VIVER DIREITO ­– Qual é a importância da mentoria e do coaching para advogados?

Prof. Wagner Osti – Um advogado com inteligência emocional apurada, consegue entender e se relacionar de forma racional com os próprios desafios e conflitos. Alguns ajustes finos de gestão emocional e comportamental, administração de tempo e prioridades, definição clara de objetivos são etapas simples de se cumprir com orientação profissional, mas aptas a alavancar seus resultados significativamente. Além disso, percebemos que muitos advogados necessitam ressignificar suas dores, tanto do passado quanto do atual momento, e crenças limitantes que geram obstáculos para o desenvolvimento do processo evolutivo profissional.

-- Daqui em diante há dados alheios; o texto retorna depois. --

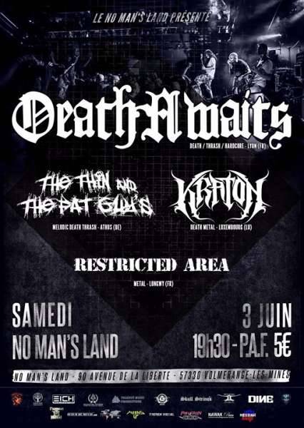 DeathAwaits vient au No Man’s Land pour défendre son nouvel ’Solve Coagula’ sorti en avril 2017 (Sliptrick Records). Pour l’occasion, ils seront accompagnés de Kraton The Thin and the Fat Guy’s (Official) et Restricted Area pour retourner la salle le 3 juin !
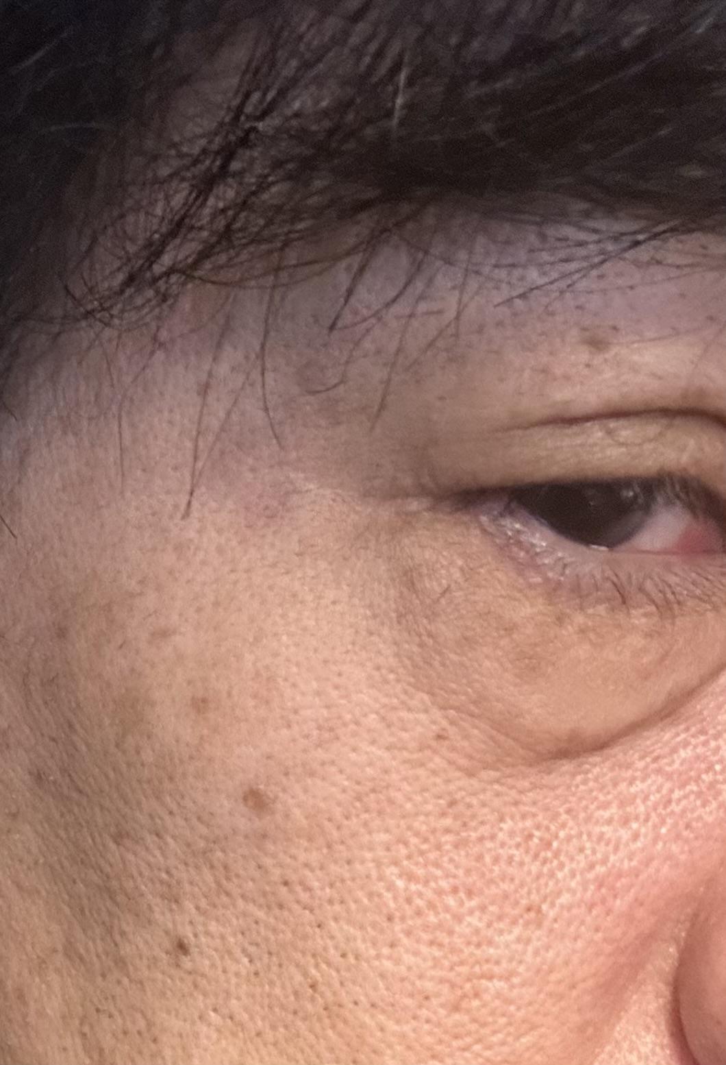 他のシミは【茶色(薄い・濃い)】ですが、目の横にあるのは【赤く】見えます。
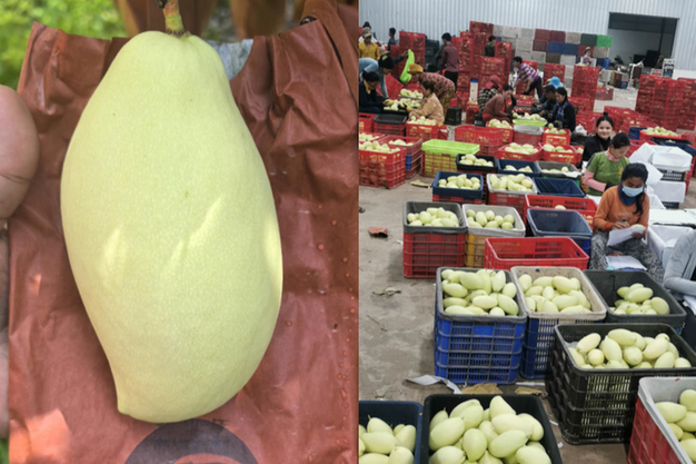 "俄罗斯是柬埔寨"高乐蜜"芒果的重要出口市场,当地消费者青睐该品种,对精品果需求尤为旺盛。目前订单已排至明年6月。由于正值雨季,客户对到货品质的验收要求提高,我们每天在果园监督,从采摘到采后各环节严格把控,以确保精品果率。"

VIVER DIREITO ­– O que seria planejamento estratégico para advogados? Qual é a sua relevância?

Prof. Wagner Osti – Diante de muitas definições teóricas, optamos pelo entendimento de que o planejamento estratégico para advogados é o caminho escolhido para posicionar o jurídico interno ou o escritório de advocacia de forma competitiva no mercado de trabalho, garantindo sua continuidade a longo prazo.

Definir uma estratégia na advocacia é importante porque ela funcionará como um guia. Ela mostra a posição atual e permite traçar a melhor trajetória para se che­gar a uma outra determinada posição. Através da estratégia, pode-se saber aonde queremos chegar e qual o caminho para alcançar esse lugar tão almejado. O planejamento estratégico, independentemente da área do conheci­mento, é uma atividade que nos auxilia na antecipação de problemas, de ma­neira que as ações sejam implementadas para atingir os objetivos previamente traçados, alinhados e comunicados a todos que trabalham ao nosso redor. In­felizmente, percebemos que, na prática, isso ainda é visto (pelos desavisados) como uma tarefa enfadonha, complexa, sem razão de ser, além de custosa.

Por tudo que foi até aqui exposto, concluímos que os advogados que se capacitarem a pensar estrategicamente terão uma enorme vantagem competi­tiva em médio e longo prazo. Percebemos que, com a inclusão de um planeja­mento estratégico na rotina da sua banca de advogados ou no jurídico interno de empresas, todos (pessoas físicas e jurídicas) ganharão em sustentabilidade, longevidade, lucratividade e qualidade técnica.